**Exercise material:**
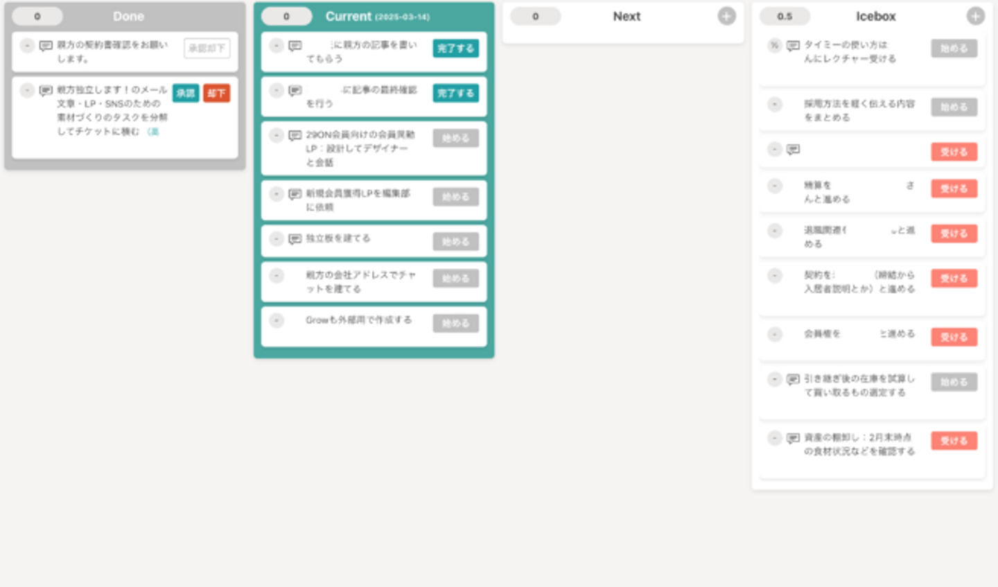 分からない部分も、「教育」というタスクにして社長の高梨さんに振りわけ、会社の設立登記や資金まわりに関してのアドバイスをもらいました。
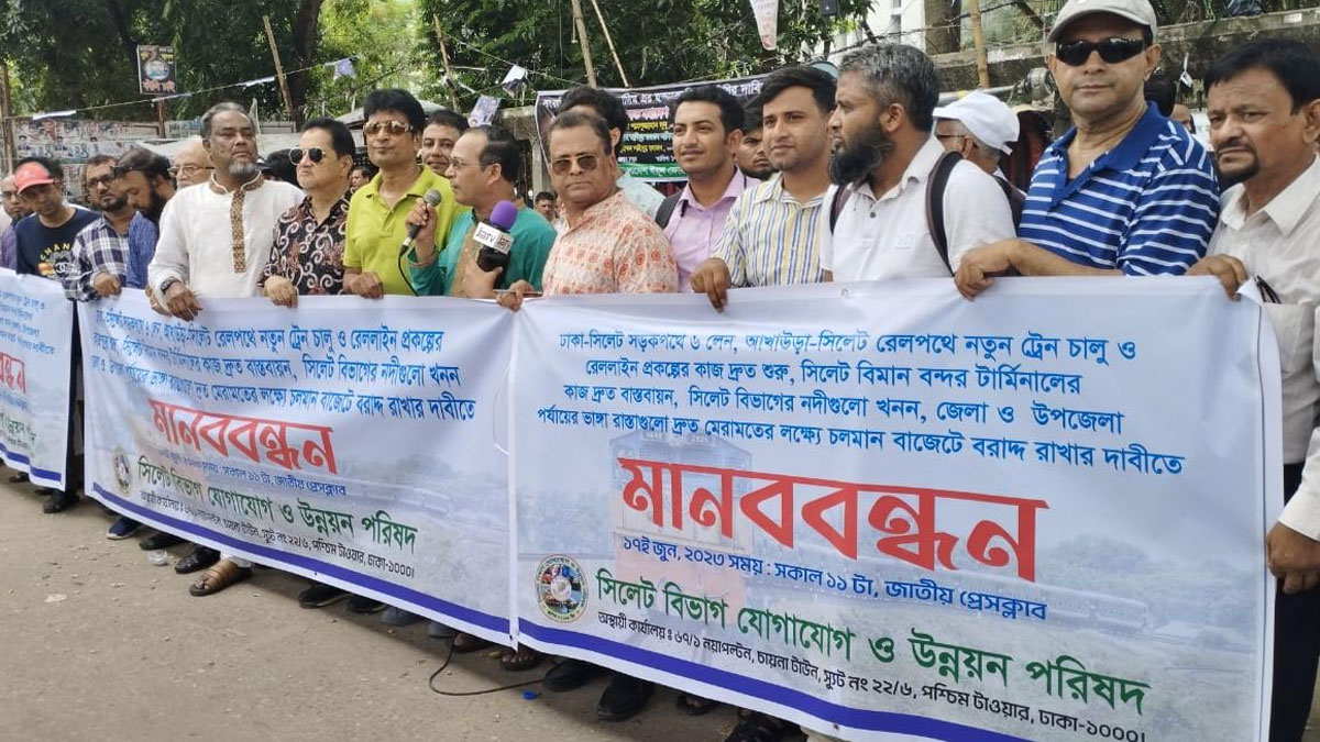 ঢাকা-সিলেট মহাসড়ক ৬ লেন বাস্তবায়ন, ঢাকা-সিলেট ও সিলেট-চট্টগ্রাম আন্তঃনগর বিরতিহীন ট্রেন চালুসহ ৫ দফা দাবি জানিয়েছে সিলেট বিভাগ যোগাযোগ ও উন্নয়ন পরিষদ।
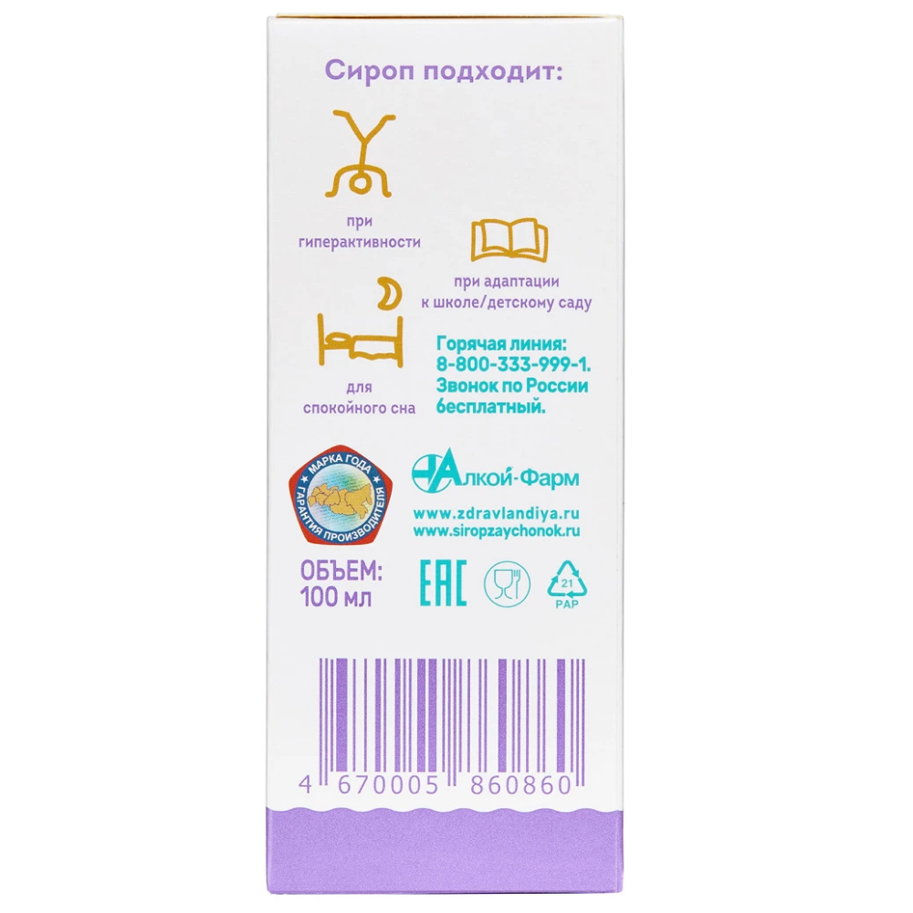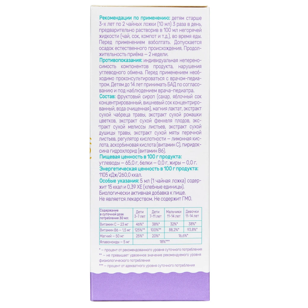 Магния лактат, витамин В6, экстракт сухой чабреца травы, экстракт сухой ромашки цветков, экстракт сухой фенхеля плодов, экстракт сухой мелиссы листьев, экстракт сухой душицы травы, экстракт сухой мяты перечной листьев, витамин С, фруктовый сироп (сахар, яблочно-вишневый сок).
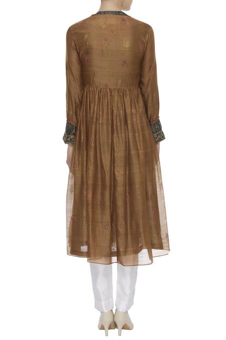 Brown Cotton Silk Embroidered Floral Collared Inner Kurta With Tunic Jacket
--
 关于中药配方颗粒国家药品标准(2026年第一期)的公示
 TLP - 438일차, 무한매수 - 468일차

**What you are asked to do:**
Copy the stretch of the records above that runs from the line with "关于中药配方颗粒国家药品标准(2026年第一期)的公示" through the line with "TLP - 438일차, 무한매수 - 468일차". Both end lines belong in the copy, and nothing else does.

**Reply to the task:**
 关于中药配方颗粒国家药品标准(2026年第一期)的公示
 TLP - 438일차, 무한매수 - 468일차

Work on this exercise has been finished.